# Cage size



## Seth sjoberg (Sep 29, 2019)

Cage size I see every one recommend a 8feet by 4 feet for tegus but would it be fine to do a 6 by 6?


----------



## Walter1 (Sep 30, 2019)

8x4' is a good minimum size.


----------



## AlphaAlpha (Sep 30, 2019)

6 X 6 actually gives more floor space squared, so in my eyes you are allocating more than the minimum size recommendations.


----------



## Jorgo (Sep 30, 2019)

Alpha has a point.
8x4 = 32 ft
6x6 = 36 ft
so taking and giving 2 ft to the other end has given you an extra 4ft for your tegu!
Funny how math works that way!


----------



## Walter1 (Sep 30, 2019)

AlphaAlpha said:


> 6 X 6 actually gives more floor space squared, so in my eyes you are allocating more than the minimum size recommendations.

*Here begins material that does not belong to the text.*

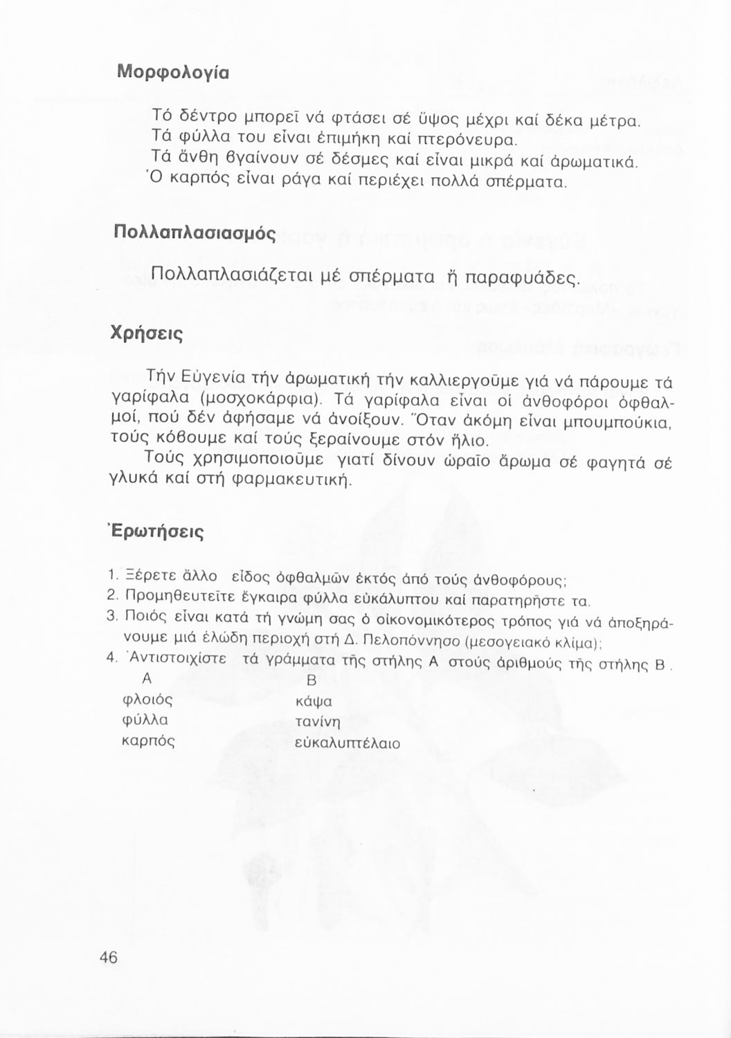 Σχολικό εγχειρίδιο Φυσιογνωσίας της ΣΤ΄ Δημοτικού το οποίο μέσα από μεγάλη ποικιλία εικόνων εξοικειώνει τους μαθητές με τα διαφορετικά είδη φυτών και ζώων, τους τρόπους πολλαπλασιασμού τους και τα μέρη στα οποία συναντώνται.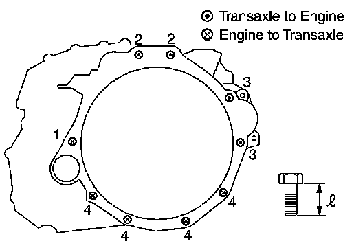 - When installing CVT assembly to the engine assembly, attach the bolts in accordance with the following standard.

True, but a loss of 2' in a single direction. I'd opt for 8×4 but wouldn't reject 6x6.


----------



## AlphaAlpha (Oct 1, 2019)

Also you have to think about height..... Alphas enclosure is 5L X 4W X 2.5H (Smaller Colombian Tegu though remember) although I have top opening its a real bugger to reach back corner so I would suggest something with greater height so you can climb fully in for cleaning and maintenance


----------



## Merlot (Oct 2, 2019)

I’m gonna have a grow tent ordered like that one guy did in his thread. It’s about 6.75x4x4, or one that 6.75x3x3? He certainly can jump 18” inches 

Do you think that’ll be alright for a red male?
At least a year or two? Maybe less until I can build one proper. My actual baby (human) has me to tied up to invest into building one right now but my little guy is 33” now has pretty much outgrown his cage,


----------



## nightanole (Oct 2, 2019)

I made a platform across half the top, so the 4x8 kinda turns into a 4x12 since he now has a 4x4 cave to dig in, and then come out to a 4x4 elevated basking area. You could do the same with a 6x6.


----------



## James Smith (Oct 2, 2019)

My only recommendation would be for you and this is for your convenience only. Allow away to enter in or be able to reach the furthest side for cleanings. The size is just fine.


----------



## Jorgo (Oct 2, 2019)

AlphaAlpha said:


> Also you have to think about height..... Alphas enclosure is 5L X 4W X 2.5H (Smaller Colombian Tegu though remember) although I have top opening its a real bugger to reach back corner so I would suggest something with greater height so you can climb fully in for cleaning and maintenance


Hmmm, if one is willing to add an extra beam across the top, or some such, it could be double hinge, able to open from both sides, as thinking about it, a 6ft lid could be unwieldy to deal with.


----------



## Tegus=Life (Oct 2, 2019)

6x6 is fine, i use a 6x6 for my 9 mo old B&W tegu, she is about 2 1/2 feet long.


----------



## James Smith (Oct 3, 2019)

This how I made my right side top. It is a double hinge lid. I did this for a few reason but I won't get into that now. Just an ideal


----------